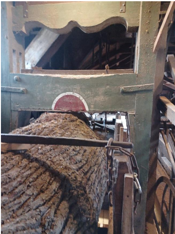
Het was heel krap. Als het grote zaagraam in de onderste stand stond, paste er geen vinger tussen.

Dat kantelen gebeurt op zorgvuldige wijze en hiervoor gebruiken we twee zware westontakels. Eentje om de stam om te trekken en de ander om de stam tegen te houden om te voorkomen dat deze ineens over het dode punt neervalt. Zo heb je de touwtjes (in dit geval kettingen) goed in handen en houden we de situatie veilig. Na het kantelen gaan we er een mooie hartplank uit zagen. Dat gaat in maart gebeuren, zolang er maar voldoende wind staat!
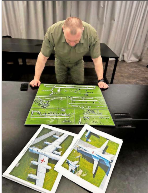
EL JEFE del Servicio de Seguridad de Ucrania, Vasyl Malyuk, mira un mapa que muestra una base aérea militar rusa.

El Ministerio de Defensa ruso afirmó que drones ucranianos atacaron aeródromos en cinco regiones y que varios aviones fueron incendiados.
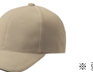
2 ベージュ×ネイビー
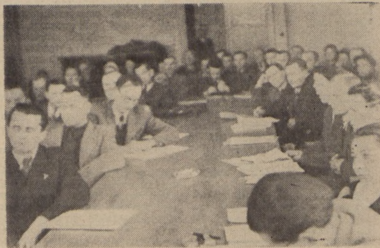
Na zdjęciu widok sali obrad.

Obrazy przeszły pod znakiem krytyki i samokrytyki w myśli wytycznych III Plenum CRZZ.
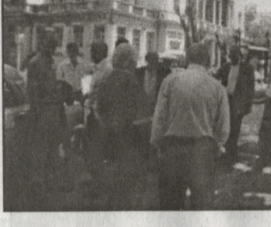
პლენარის წარმართვის დასრულება. რკინიგზაზე სანახაუდ. დიპლომატიური ნიშნა, დიპლომატიური ნიშნა, დიპლომატიური ნიშნა

ნიდან გაისმა რევან ლადიძის „ჩემო კარგო ქვეყანა“. კვლავ ვგრძენი ის რაღაც განსაკუთრებული, ენით გამოუთქმელი, ჩემი გულის სიდრემეში მიმა-
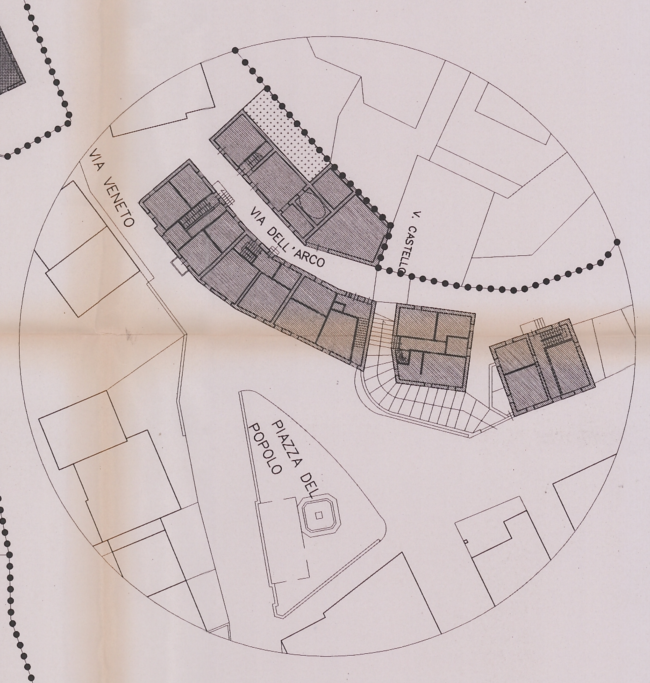
PATTOLORE sc. 1:250 ACCESSI DALLA VIA DELL'ARCO
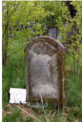
Jüdischer Friedhof Untermerzbach.
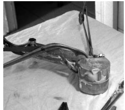
Рис. 4. Закрита прес-форма, у якій полімеризується цементний спейсер
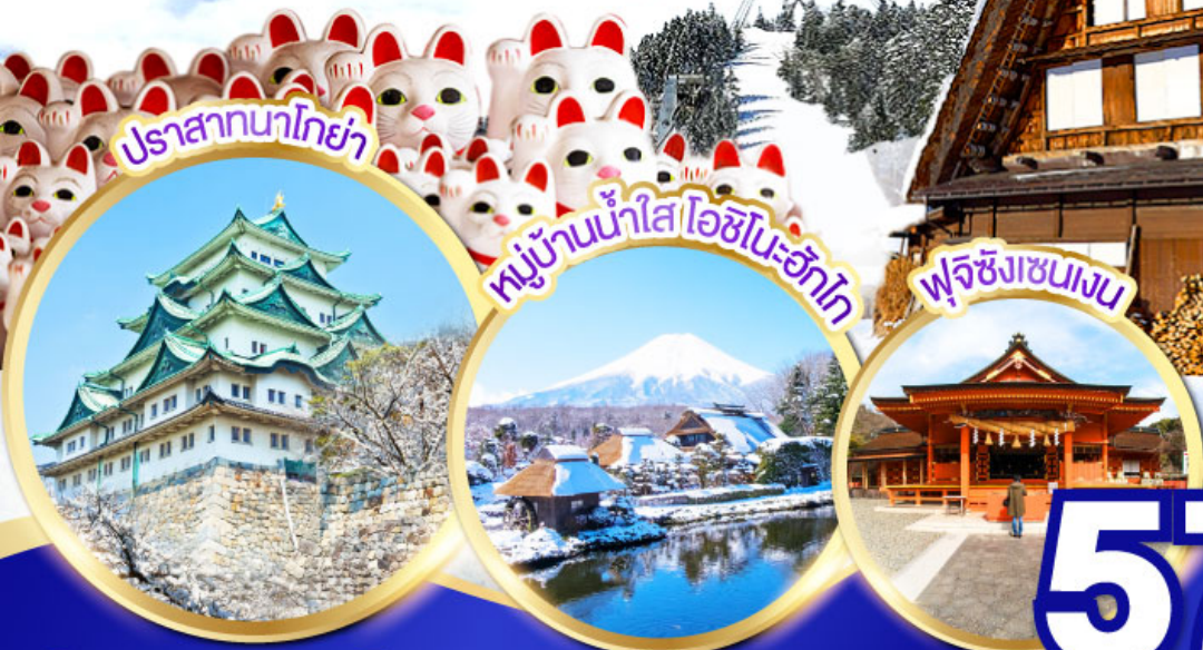
ปราสาทนาโกย่า
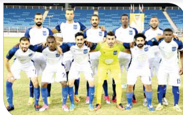
النوايف في نهائي مبكر أمام الزلزال اليوم

بقوة على تحقيق لقبه الرابع في سجل مشاركته في هذا التجمع الكروي. الفريق بقيادة المدرب السوري رضوان نجم لديه نخبة من اللاعبين

########################################

Starting at the line that contains "Рис. 4. Закрита", write out exactly each line through the last one in the listing above, leaving out the pictures and adding nothing else.

Рис. 4. Закрита прес-форма, у якій полімеризується цементний спейсер
ปราสาทนาโกย่า
النوايف في نهائي مبكر أمام الزلزال اليوم

بقوة على تحقيق لقبه الرابع في سجل مشاركته في هذا التجمع الكروي. الفريق بقيادة المدرب السوري رضوان نجم لديه نخبة من اللاعبين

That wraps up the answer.